The 1,450 steel framed unitized rooms for both hotels would be built off-site as modular structures then slipped into the framework on site. The goal was to reduce the weight of each room thereby, reducing the amount of steel necessary to build the structures. A typical room weighed 30-tons while this new process would cut that weight to only 6 tons. The project was meant to be a demonstration of new technologies in keeping with the original spirit of the E.P.C.O.T. project. Each unit was so strong, three could be stacked on top of one another without any additional support. Welton Becket & Associates was hired as architect. There were additional hotels also mentioned in early press releases, to be built in the future, including the Asian, Venetian, and Persian motifs.
One of the most impressive new attractions at the Magic Kingdom would be Thunder Mesa.
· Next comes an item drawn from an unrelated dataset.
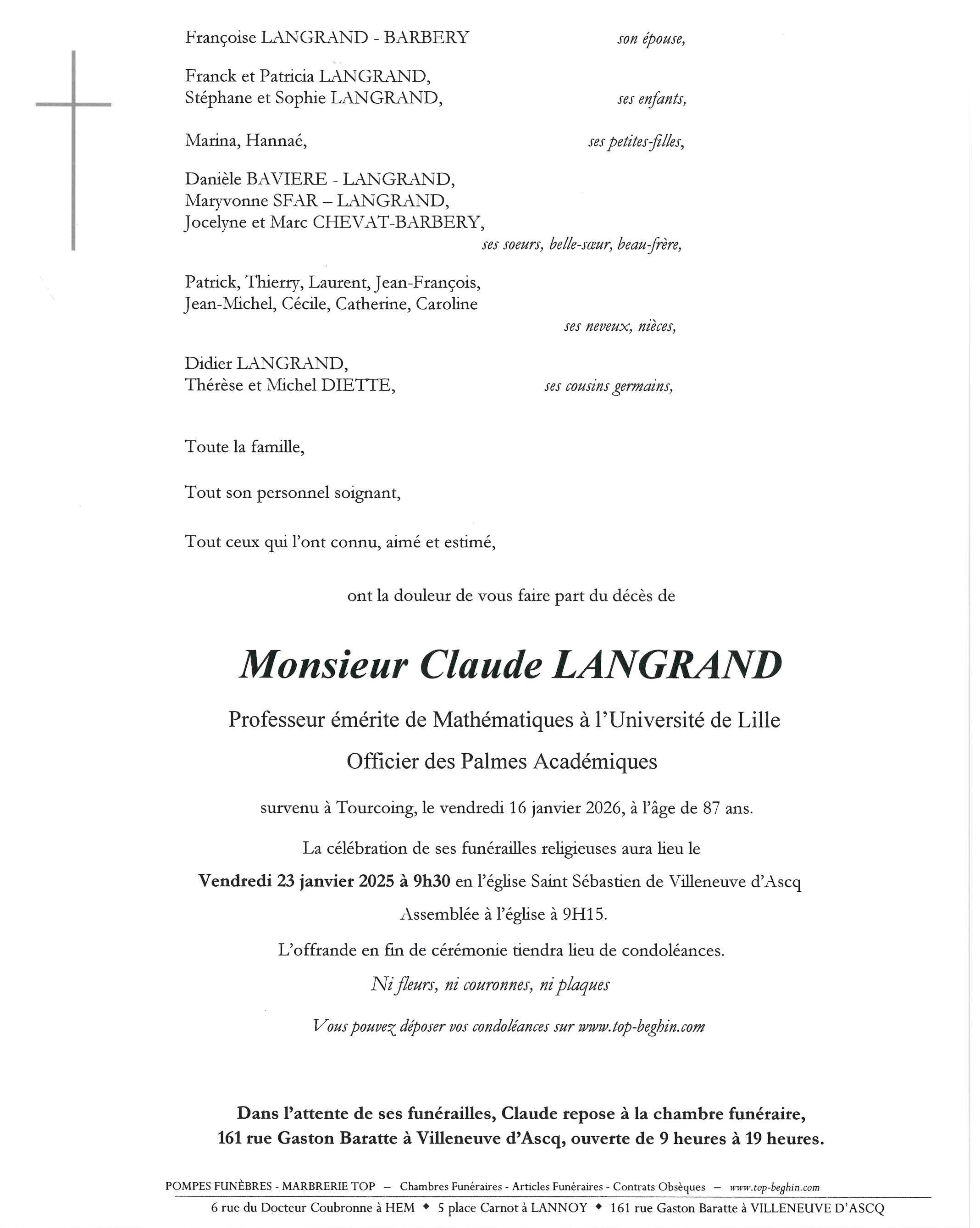 Avis de décès de Monsieur Claude LANGRAND

Set in Frontierland, the show building would have been massive and “designed to resemble a ‘table-top mountain,’ typical of those on southwestern deserts.” There would be “a pueblo-style village and other attractions, including the Western River Expedition, a frontier fantasy on the grand scale of Pirates of the Caribbean” in California’s Disneyland.
Another attraction sure to draw tourists would be Space Mountain. “At 20-stories tall, this structure in Tomorrowland will house a number of adventures and attractions themed to the world of the future.” There would be 4 “high speed ‘rocket sled’ tracks” that would “climb the outside of the mountain, then plunge inside for a dark ride, simulating a trip though outer space.”
Also new to this park would be Liberty Square. The land would “recreate America’s past at the time of our nation’s founding. Here, shops and stores will portray the way of life in colonial days, and housed in a replica of Philadelphia’s Independence Hall will be One Nation Under God, an inspiring dramatization about the American Constitution and the 37 Presidents who have led our nation.”
At the heart of the Magic Kingdom would be Cinderella Castle. The PR team stated it would “be the visual focal point for Walt Disney World’s theme park. Twice as high as the castle at California’s Disneyland, it may be seen by guests staying at the ‘Vacation Kingdom’s’ nearby resort hotels.” A sit down restaurant in the Castle’s interior with Medieval decor was also announced.
RCA would be a sponsor and they would be responsible for providing the telecommunications system for the entire resort. This is a drawing of the RCA Information-Communication nerve center.
Walt Disney World was always meant to be more than just a theme park. It was designed to be an all-inclusive resort. One of the major amenities was the variety of water recreational opportunities including sailing, boating, fishing, and water-skiing. The Disney built Seven Seas Lagoon would extend “the existing lake into a three-mile pleasure waterway, dotted with natural and man-made islands.” The Resort promised, “aquatic spectacles and sports, while at the same time retaining its often spectacular beauty.” The “lake and lagoon have already been lined with broad, sandy beaches for sunning and swimming.
Of course, a lot of those early announced features didn’t quite make it to opening day. is there anything in the early plans that you wish had been built as described?